◆ To do
Below this line are records; write out exactly the lines from the one containing "tetsu_purple hair, tetsu_grey" through the one containing "通信工程学生党支部书记、学院", with the pictures left out.

◆ Data to examine
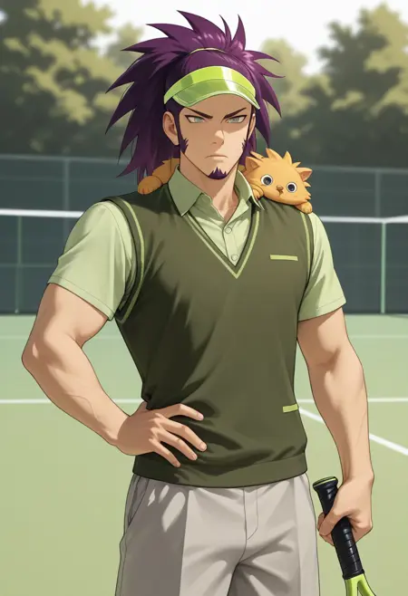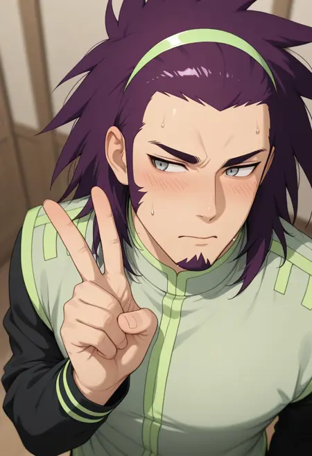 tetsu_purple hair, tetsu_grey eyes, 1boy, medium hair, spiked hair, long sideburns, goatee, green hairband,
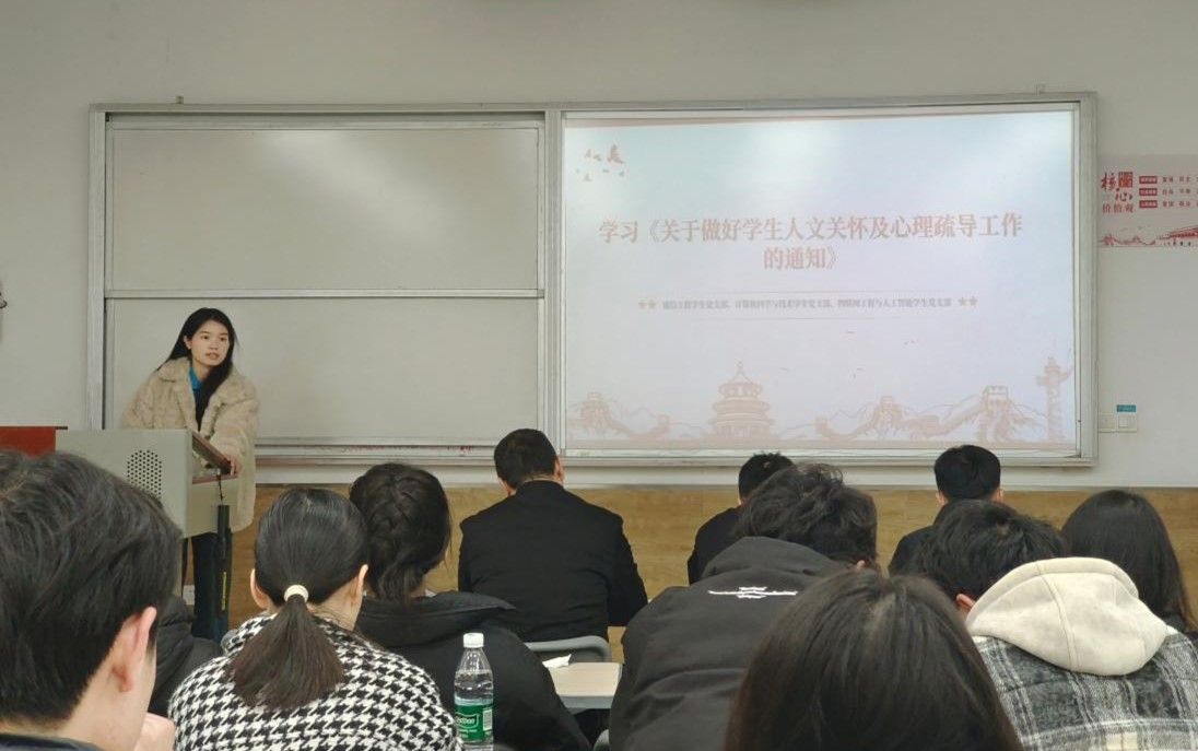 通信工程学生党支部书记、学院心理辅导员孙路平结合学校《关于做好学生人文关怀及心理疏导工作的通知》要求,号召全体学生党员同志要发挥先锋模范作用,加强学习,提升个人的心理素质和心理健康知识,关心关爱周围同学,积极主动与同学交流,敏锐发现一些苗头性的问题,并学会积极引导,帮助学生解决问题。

* * *

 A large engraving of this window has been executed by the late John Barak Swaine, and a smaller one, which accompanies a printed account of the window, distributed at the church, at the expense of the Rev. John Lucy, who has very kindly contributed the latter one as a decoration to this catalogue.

--

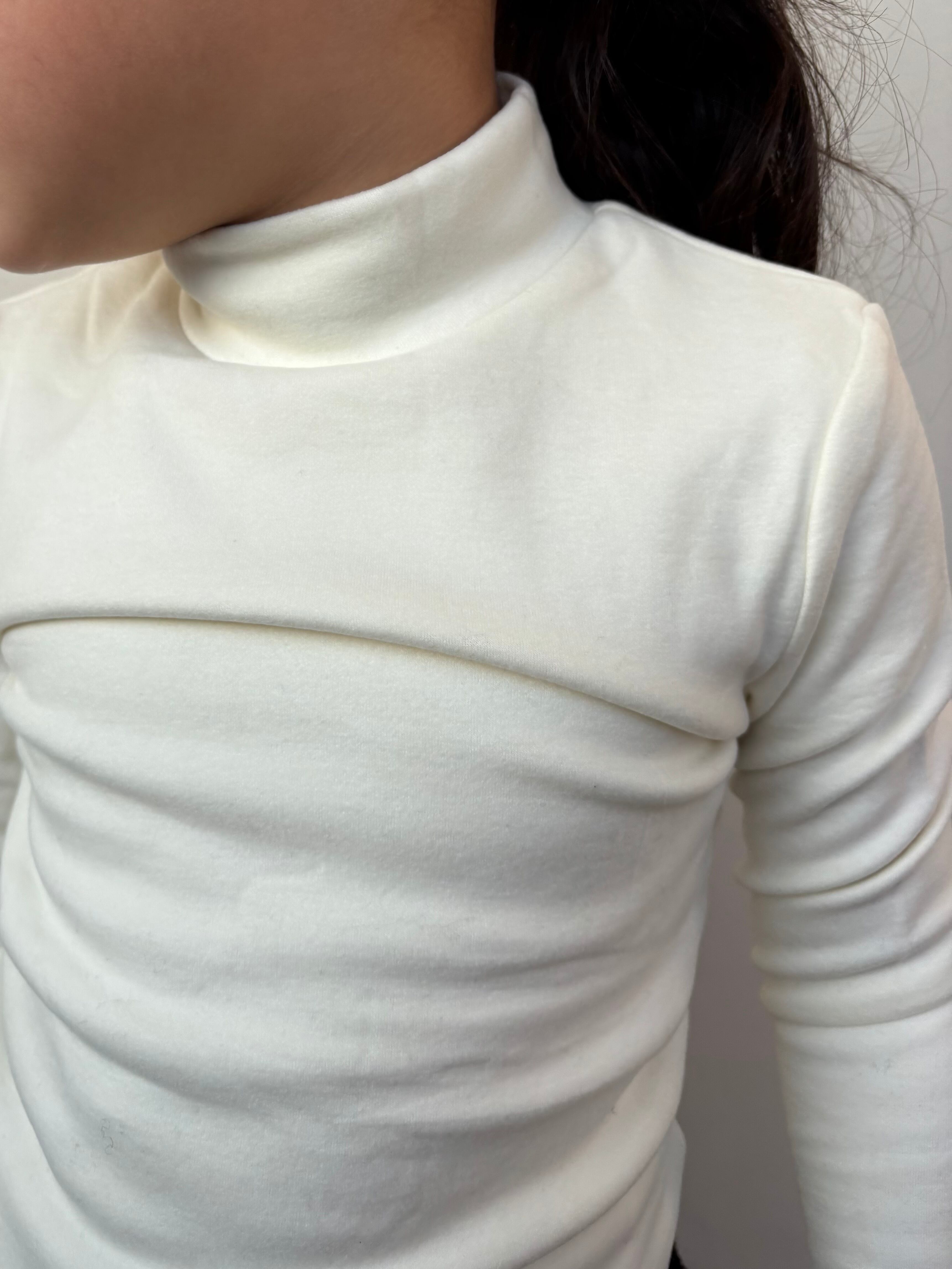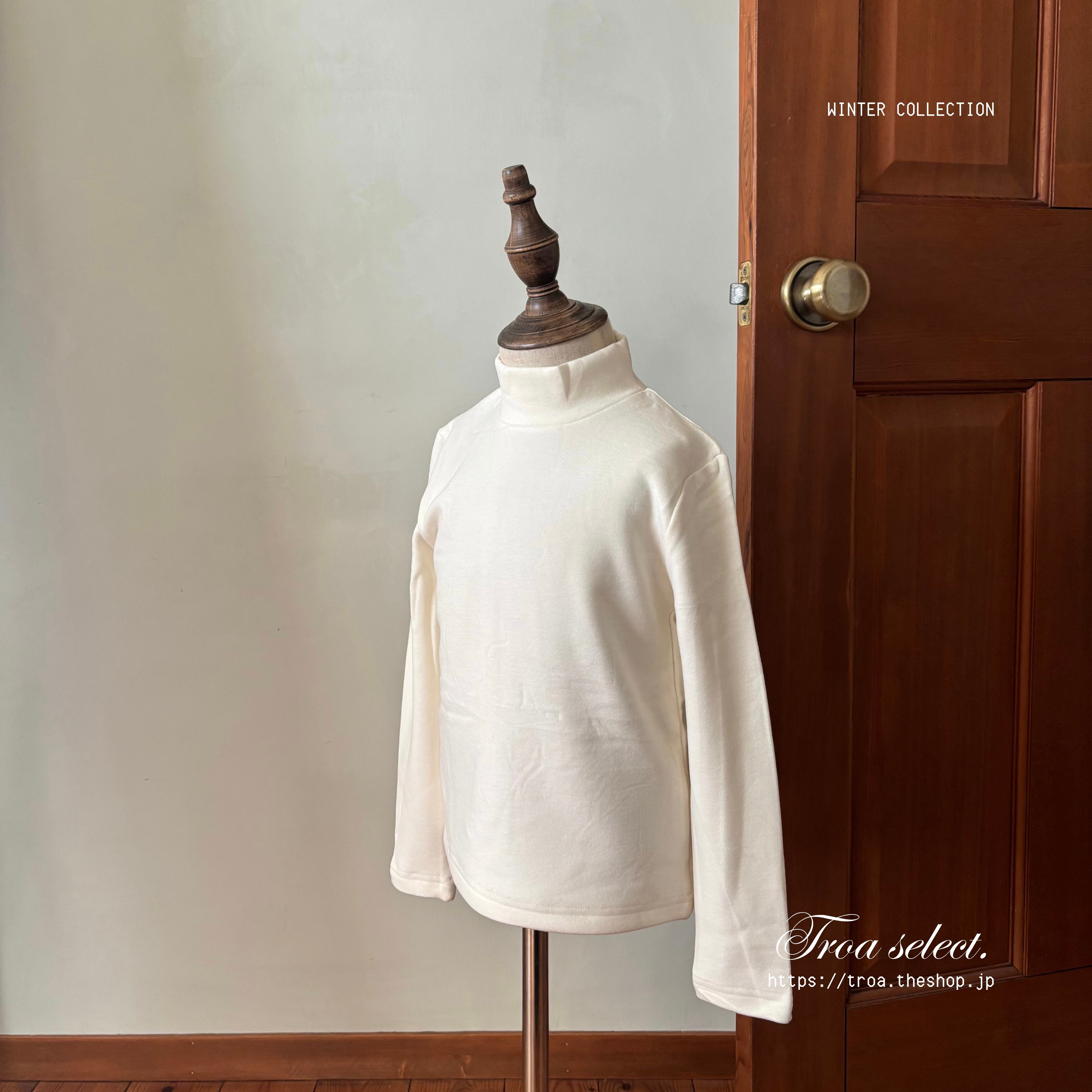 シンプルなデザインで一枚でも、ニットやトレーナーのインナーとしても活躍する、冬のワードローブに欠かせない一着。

◆ Task output
 tetsu_purple hair, tetsu_grey eyes, 1boy, medium hair, spiked hair, long sideburns, goatee, green hairband,
 通信工程学生党支部书记、学院心理辅导员孙路平结合学校《关于做好学生人文关怀及心理疏导工作的通知》要求,号召全体学生党员同志要发挥先锋模范作用,加强学习,提升个人的心理素质和心理健康知识,关心关爱周围同学,积极主动与同学交流,敏锐发现一些苗头性的问题,并学会积极引导,帮助学生解决问题。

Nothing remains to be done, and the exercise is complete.